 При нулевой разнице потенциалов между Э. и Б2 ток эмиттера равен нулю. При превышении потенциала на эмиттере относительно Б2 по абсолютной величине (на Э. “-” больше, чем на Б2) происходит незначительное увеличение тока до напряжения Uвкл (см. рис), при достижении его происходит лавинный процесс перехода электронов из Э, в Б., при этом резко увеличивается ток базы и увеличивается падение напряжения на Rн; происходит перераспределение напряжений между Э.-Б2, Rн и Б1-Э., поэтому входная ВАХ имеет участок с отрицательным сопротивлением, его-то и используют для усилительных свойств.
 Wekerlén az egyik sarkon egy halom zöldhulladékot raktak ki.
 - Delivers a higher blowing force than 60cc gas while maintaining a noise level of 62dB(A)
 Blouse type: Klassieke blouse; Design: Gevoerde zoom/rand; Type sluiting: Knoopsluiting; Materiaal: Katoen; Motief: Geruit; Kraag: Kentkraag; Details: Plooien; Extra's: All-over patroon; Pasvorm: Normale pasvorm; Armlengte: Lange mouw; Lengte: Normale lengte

—————

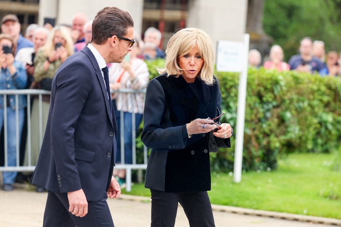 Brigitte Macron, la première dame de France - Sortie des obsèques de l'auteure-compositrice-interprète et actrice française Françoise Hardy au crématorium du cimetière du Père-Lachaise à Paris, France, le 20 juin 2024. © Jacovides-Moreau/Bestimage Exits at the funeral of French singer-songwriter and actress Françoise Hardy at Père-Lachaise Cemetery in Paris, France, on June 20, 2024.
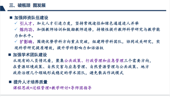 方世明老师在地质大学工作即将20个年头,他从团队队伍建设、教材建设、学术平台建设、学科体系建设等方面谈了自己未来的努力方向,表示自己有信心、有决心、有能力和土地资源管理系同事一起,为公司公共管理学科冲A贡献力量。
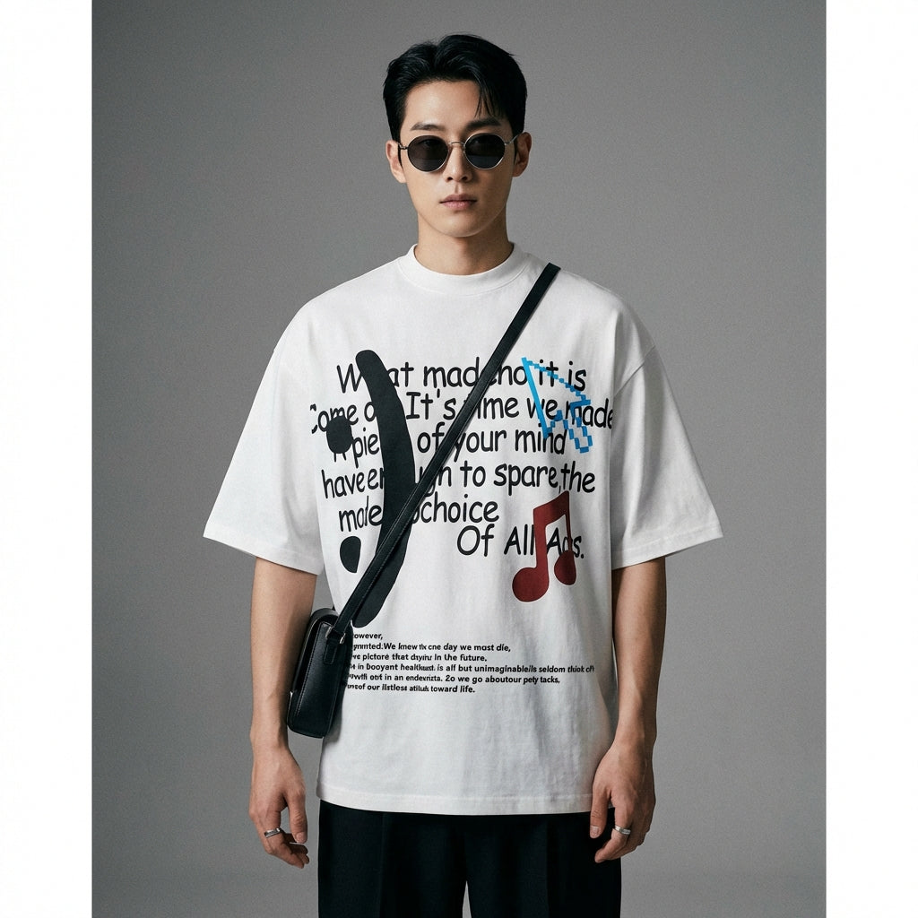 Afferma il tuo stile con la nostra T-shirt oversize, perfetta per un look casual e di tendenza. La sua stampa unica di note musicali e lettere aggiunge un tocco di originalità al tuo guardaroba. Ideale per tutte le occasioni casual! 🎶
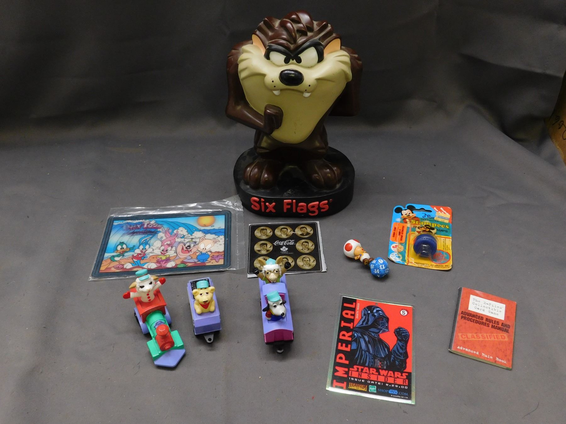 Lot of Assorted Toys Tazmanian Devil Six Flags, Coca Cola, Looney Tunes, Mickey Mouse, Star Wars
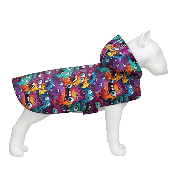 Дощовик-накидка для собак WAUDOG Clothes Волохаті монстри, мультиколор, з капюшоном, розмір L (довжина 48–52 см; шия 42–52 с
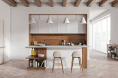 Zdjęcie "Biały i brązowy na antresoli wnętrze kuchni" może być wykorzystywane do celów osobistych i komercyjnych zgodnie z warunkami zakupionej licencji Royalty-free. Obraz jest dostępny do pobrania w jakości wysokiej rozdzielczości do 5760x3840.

—————

▶ _What you have to do_
What's needed is an exact copy of the lines above from the one with "Brigitte Macron, la" through the one with "rozdzielczości do 5760x3840.", both included; the pictures stay out.

▶ _Exercise solution_
 Brigitte Macron, la première dame de France - Sortie des obsèques de l'auteure-compositrice-interprète et actrice française Françoise Hardy au crématorium du cimetière du Père-Lachaise à Paris, France, le 20 juin 2024. © Jacovides-Moreau/Bestimage Exits at the funeral of French singer-songwriter and actress Françoise Hardy at Père-Lachaise Cemetery in Paris, France, on June 20, 2024.
 方世明老师在地质大学工作即将20个年头,他从团队队伍建设、教材建设、学术平台建设、学科体系建设等方面谈了自己未来的努力方向,表示自己有信心、有决心、有能力和土地资源管理系同事一起,为公司公共管理学科冲A贡献力量。
 Afferma il tuo stile con la nostra T-shirt oversize, perfetta per un look casual e di tendenza. La sua stampa unica di note musicali e lettere aggiunge un tocco di originalità al tuo guardaroba. Ideale per tutte le occasioni casual! 🎶
 Lot of Assorted Toys Tazmanian Devil Six Flags, Coca Cola, Looney Tunes, Mickey Mouse, Star Wars
 Дощовик-накидка для собак WAUDOG Clothes Волохаті монстри, мультиколор, з капюшоном, розмір L (довжина 48–52 см; шия 42–52 с
 Zdjęcie "Biały i brązowy na antresoli wnętrze kuchni" może być wykorzystywane do celów osobistych i komercyjnych zgodnie z warunkami zakupionej licencji Royalty-free. Obraz jest dostępny do pobrania w jakości wysokiej rozdzielczości do 5760x3840.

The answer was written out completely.